Why are markets surging when so many professionals are wary? Many point to trading app Robinhood, which is enabling casual US investors to take a punt on stocks, says John Authers on Bloomberg. They are usually derided as the “dumb money”, but research by investment banks shows that they have done a better job than the professionals at picking stocks of late. Perhaps for the first time since the late 1990s retail money is having a real impact on market movements.

The trouble is that retail investors have also been enthusiastically buying up struggling firms with terrible balance sheets because they look cheap. My inner “curmudgeon [says] this will end in tears”.

The rally continues

Hopes of a V-shaped recovery endure. Incoming data certainly points to one for now, as Chetan Ahya of Morgan Stanley points out. Driving indices show that people in the US and Germany are moving around at pre-virus levels again. The latest round of survey data show improvements in May across major economies, suggesting that April was the global bottom. This week the US reported a record jump in retail sales.
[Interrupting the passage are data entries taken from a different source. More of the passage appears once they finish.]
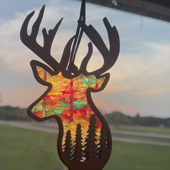 Buck Stained Glass Wood Suncatcher - Rustic Car Charm Gift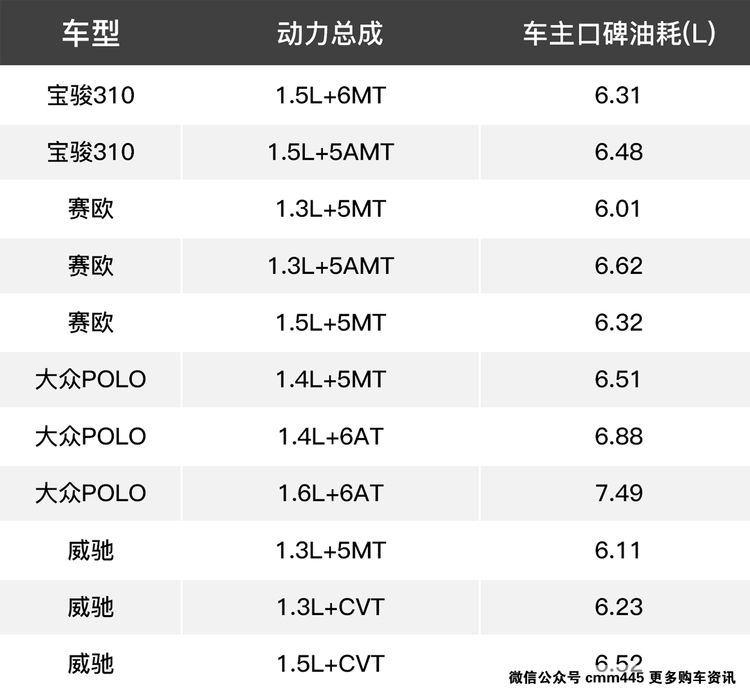 像威驰、飞度等小型车换上了CVT变速箱,宝骏310和赛欧则采用了传输效率较高的AMT变速箱,加上较轻的车身,这些因素均有利于降低油耗。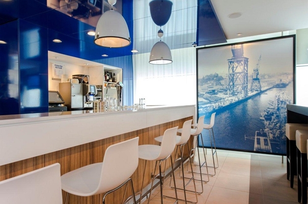Vlak naast het centraal station van Rotterdam ontwierpen we een Holiday Inn Express. Een kantoorpand uit de jaren tachtig werd hiermee getransformeerd tot een eigentijds hotel met 214 hotelkamers. Bijzonder is dat tijdens de conversie, die slechts vijf maanden in beslag nam, de ondergelegen winkels en bovengelegen kantoorverdiepingen in bedrijf zijn gebleven. De compacte entree op maaiveld wordt door een nieuwe trap in de vide verbonden met de lobby en receptie op de eerste verdieping. Het karakter van de door ons ontworpen publieke ruimte in dit hotel is stoer en ‘no nonsense’, passend bij het karakter van de stad Rotterdam. De hotelgast wordt zo achter een vrij anonieme gevel een authentieke en unieke beleving geboden en voelt zich zo echt thuis in Rotterdam.
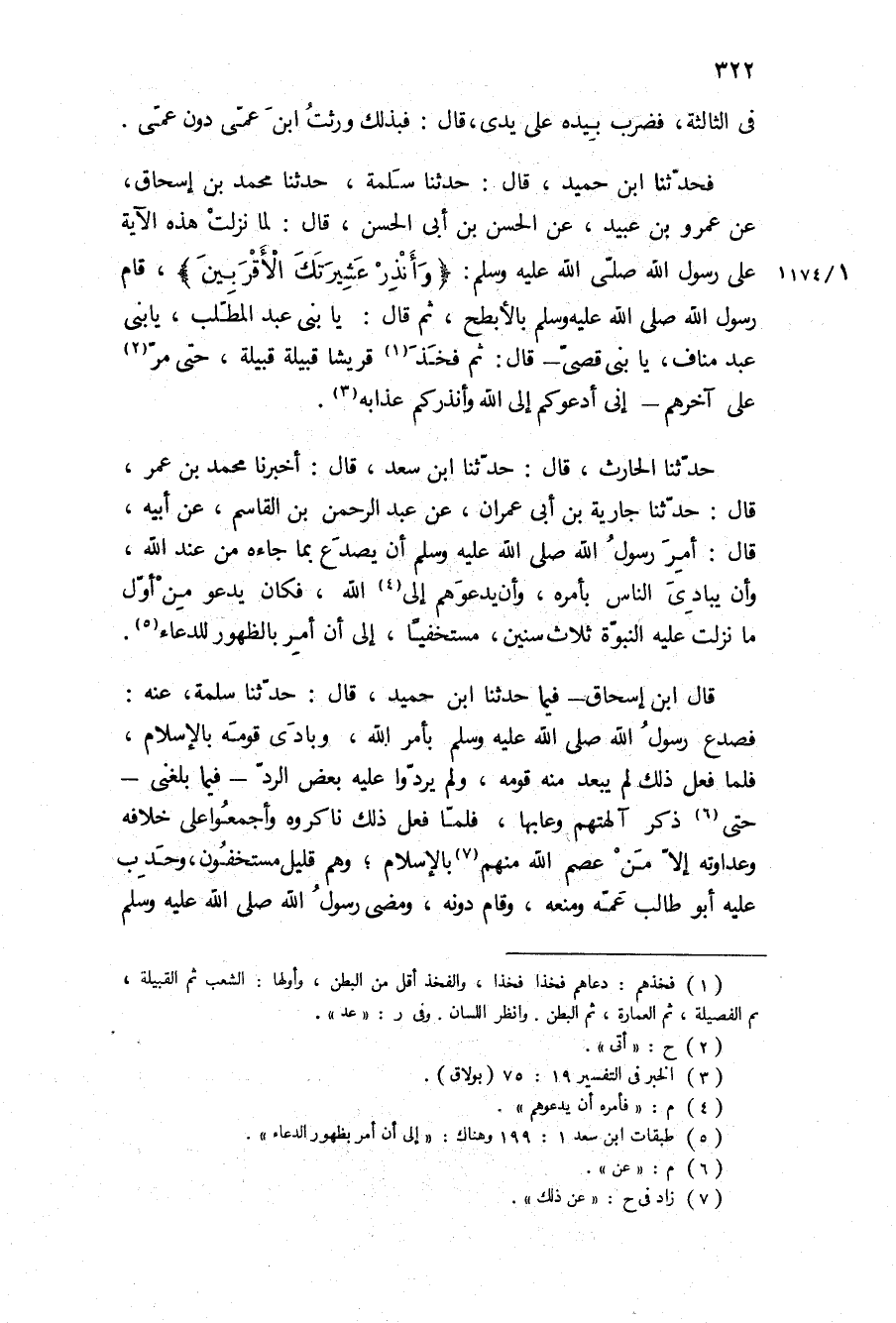 فَحَدَّثَنَا ابْنُ حُمَيْدٍ، قَالَ: حَدَّثَنَا سَلَمَةُ، حَدَّثَنَا مُحَمَّدُ بْنُ إِسْحَاقَ، عَنْ عَمْرِو بْنِ عُبَيْدٍ، عَنِ الْحَسَنِ بْنِ أَبِي الْحَسَنِ، قَالَ: لَمَّا نَزَلَتْ هذه الآية على رسول الله ص: «وَأَنْذِرْ عَشِيرَتَكَ الْأَقْرَبِينَ» ، قام رسول الله ص بِالأَبْطَحِ، [ثُمَّ قَالَ: يَا بَنِي عَبْدِ الْمُطَّلِبِ، يَا بَنِي عَبْدِ مَنَافٍ، يَا بَنِي قُصَيٍّ- قَالَ: ثُمَّ فَخَّذَ قُرَيْشًا قَبِيلَةً قَبِيلَةً، حَتَّى مَرَّ عَلَى آخِرِهِمْ- إِنِّي أَدْعُوكُمْ إِلَى اللَّهِ وانذركم عذابه] .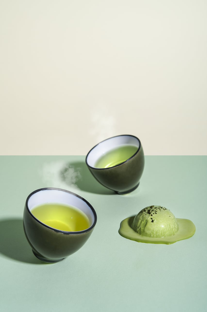 湯呑みは、内側の白が茶葉本来の色合いを引き立て、外側には「織部」をイメージした深みのある緑を施しました。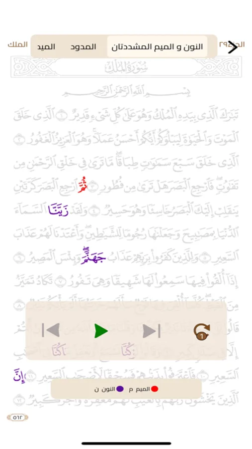 ثم يختار المتعلم حكما تجويديا سهلا في البداية : كالنون والميم المشددتين ، مع الاستماع لها والتدرب على نطق أمثلتها. (يكرر ذلك عدة مرات)

The recovery will be lengthy, but a gradually improving economy is likely to keep stock prices buoyant, says Oliver Jones of Capital Economics. The surge of monetary and fiscal support is proving a powerful tailwind for asset prices. Some stockmarkets also look pricier than they really are: valuations are based on bombed-out 2020 earnings forecasts, but earnings next year and thereafter are likely to be much better. That should mean that the recovery in risk assets has further to run.